2. utilize a step coreduction to prepare the method for multi-element metal nano particle, its step is following:
(1) is that 1~5wt%, volume are that the citrate of 0.24~120mL is dissolved in 10~1000mL deionized water with concentration, reaction system stirred and be heated to 100 ℃ make the solution boiling, obtain colourless transparent solution;
(2) in above-mentioned reaction system, add source metal again, the concentration of source metal is 5 * 10
-5~5 * 10
-3Mol/L, source metal is the mixing in two or three in Jin Yuan, palladium source, Yin Yuan, the platinum source; Keep the solution fluidized state after 10~20 minutes, stop heating and continue to stir cool to room temperature, thereby obtain the multi-element metal nano particle of different-shape, different size.

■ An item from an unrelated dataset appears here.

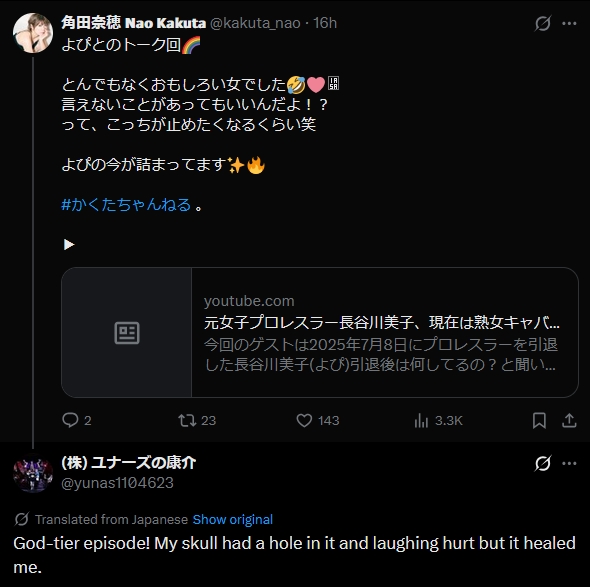 https://x.com/t346fire/status/2029507948121346124>I've successfully scouted an idol who can participate in the 3.29 TJPW Ryogoku Kokugikan event without any issues, so I'll be bringing them to the TJPW Shin-Kiba event on the 7th!

3. according to claim 1 or claim 2 the step coreduction that utilizes prepares the method for multi-element metal nano particle, and it is characterized in that: Jin Yuan is HAuCl
44H
2O or HAuBr
4H
2O; The palladium source is K
2PdCl
6Or K
2PdCl
4The silver source is AgNO
3Or AgF; The platinum source is K
2PtCl
6Or H
2PtCl
66H
2O.
4. according to claim 1 or claim 2 the step coreduction that utilizes prepares the method for multi-element metal nano particle, and it is characterized in that: citrate is natrium citricum, potassium citrate or ammonium citrate.
5. according to claim 1 or claim 2 the step coreduction that utilizes prepares the method for multi-element metal nano particle, it is characterized in that: the mol ratio between two kinds of source metal is 1: 0.25~4.
6. according to claim 1 or claim 2 the step coreduction that utilizes prepares the method for multi-element metal nano particle, it is characterized in that: the mol ratio between three kinds of source metal is 1: 0.25~4: 0.25~4.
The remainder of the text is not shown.